Pergeseran peran itu tentu bukan tanpa menyisakan persoalan. Di tengah jebakan politik praktis, agaknya cukup sulit ulama memainkan peran sebagai pencerah umat, pengontrol, apalagi aktor di balik perubahan sosial. Di tengah kepungan kepentingan politik, ulama hanya akan menghamba pada kekuatan politik yang disokongnya, meski kekuatan itu nyata-nyata merusak dan zalim. Perlahan namun pasti, peran ulama yang sebenarnya besar itu dikerdilkan ke dalam mekanisme politik transaksional.

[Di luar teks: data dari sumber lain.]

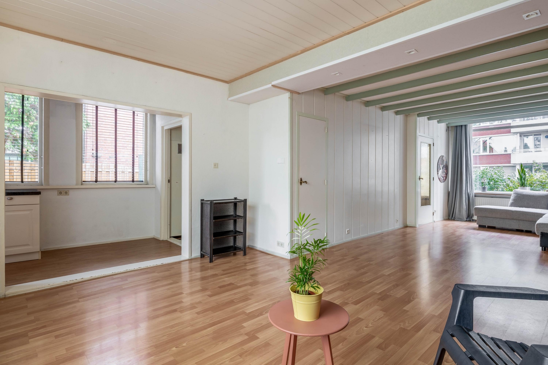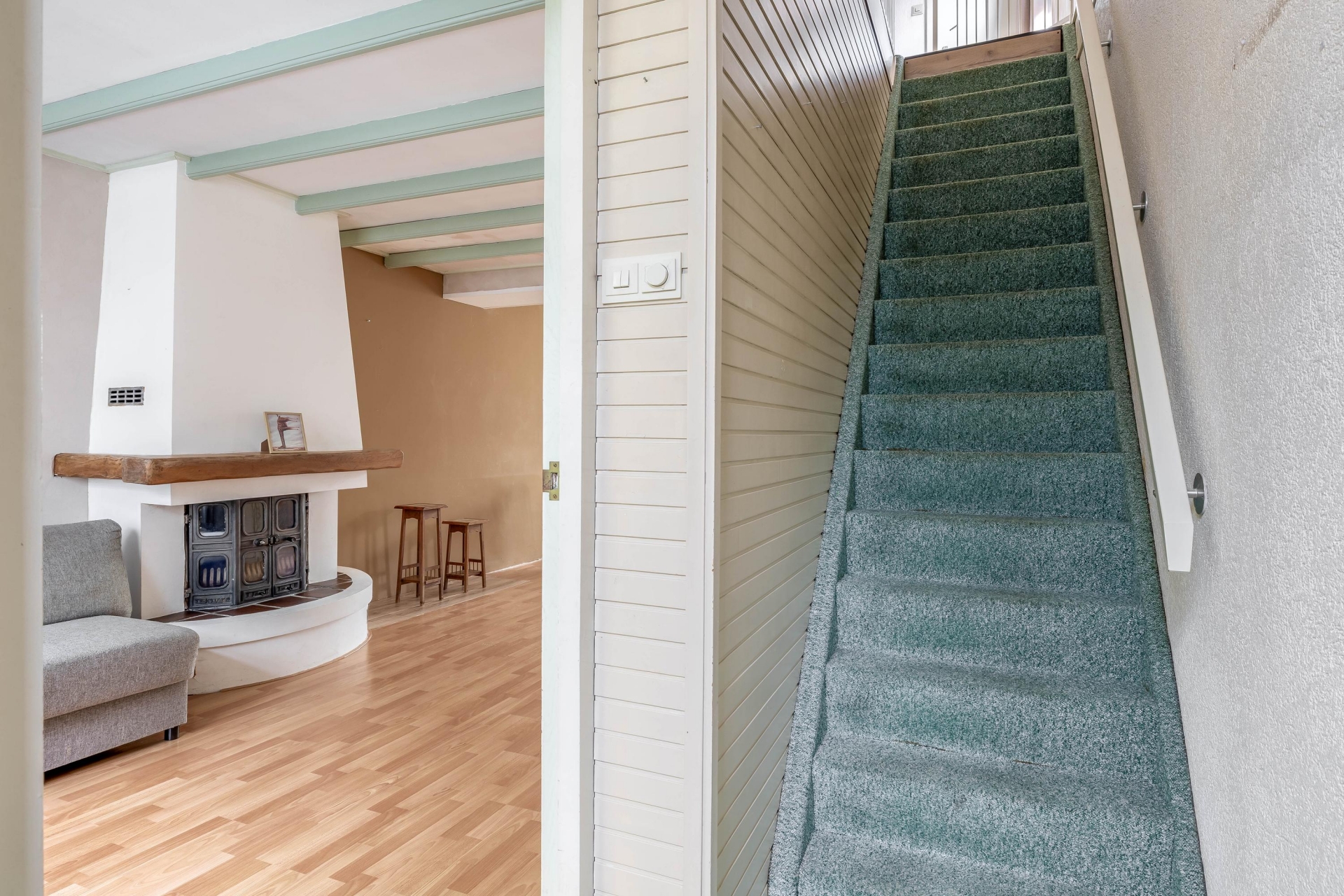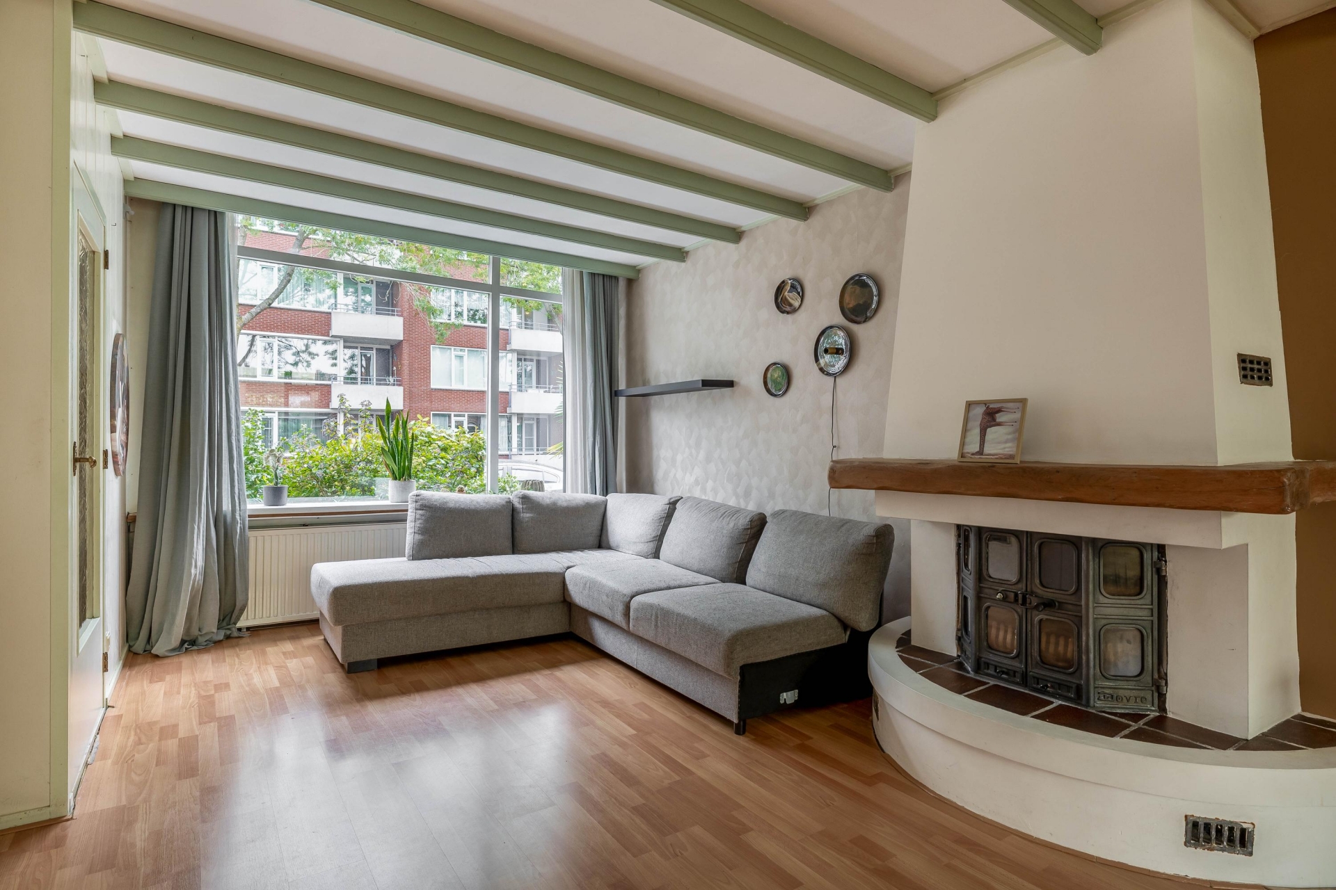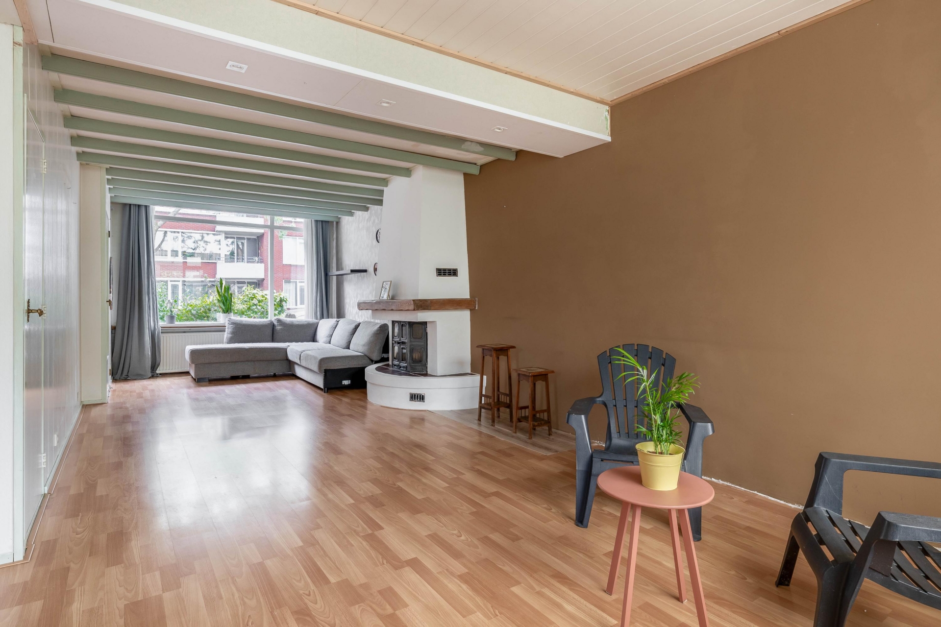De woonkamer is het hart van het huis. Grote ramen aan de voorzijde zorgen voor veel natuurlijk licht en een prettige verbinding met de straat. De zichtbare balken en karakteristieke houtkachel.

Pilkada DKI beberapa waktu lalu barangkali adalah contoh paling buruk dari pertautan ulama dan politik praktis. Kita menyaksikan sendiri bagaimana sejumlah ulama dengan lihai menyitir dalil-dalil agama demi memuluskan kepentingan politik mereka. Kondisi serupa tampak mulai menggejala di beberapa wilayah yang menggelar pemilihan kepala daerah. Di Jawa Timur misalnya, sejumlah besar kiai terbelah ke dalam dua kubu pendukung calon kepala daerah.

Mengembalikan Marwah Ulama

Ulama, intelektual atau siapa pun yang memiliki modal sosial yang kuat, hendaknya memang tidak tinggal di menara gading. Ia harus terlibat langsung dalam proses perubahan sosial, atau dalam istilah Antonio Gramsci, berperan sebagai intelektual organik. Hanya saja, bentuk keterlibatan aktif dalam perubahan sosial itu tidak lantas harus diwujudkan dalam aktivitas berpolitik praktis. Terlebih jika corak politik yang dimainkan adalah politik Machiavellian, seperti yang saat ini dipraktikkan di Indonesia.

Bahwa berpolitik praktis adalah hak dasar setiap manusia yang dilindungi dan dijamin konstitusi itu adalah benar adanya. Tidak ada satu gagasan pun yang mampu menganulir fakta tersebut. Namun demikian, bagi seorang ulama, sosok yang dijadikan tauladan dalam kehidupan sosial sekaligus spiritual, politik praktis tampaknya bukan medan tempur yang ideal.

Mengutip pernyataan seorang ulama sepuh NU, KH. Alm. Sahal Mahfudz, ulama seharusnya menjalankan politik tingkat tinggi. Politik tingkat tinggi, menurutnya, adalah laku politik yang tidak partisan, tidak memihak pada kekuatan apa pun, kecuali memihak pada nilai-nilai kebenaran dan kemanusiaan.

Sepintas, gagasan politik tingkat tinggi ini mirip dengan gagasan politik etis yang digagas oleh filosof Yunani Klasik Aristoteles. Di ranah politik tingkat tinggi atau politik etis itulah, ulama memungkinkan untuk bersikap kritis terhadap penguasa, sembari tetap mendampingi masyarakat mewujudkan cita-cita akan kehidupan yang sejahtera. Kerja sosial berbasis pemberdayaan masyarakat itulah yang sesuai dengan marwah ulama sebagai penerus tradisi kenabian (warasatul anbiya).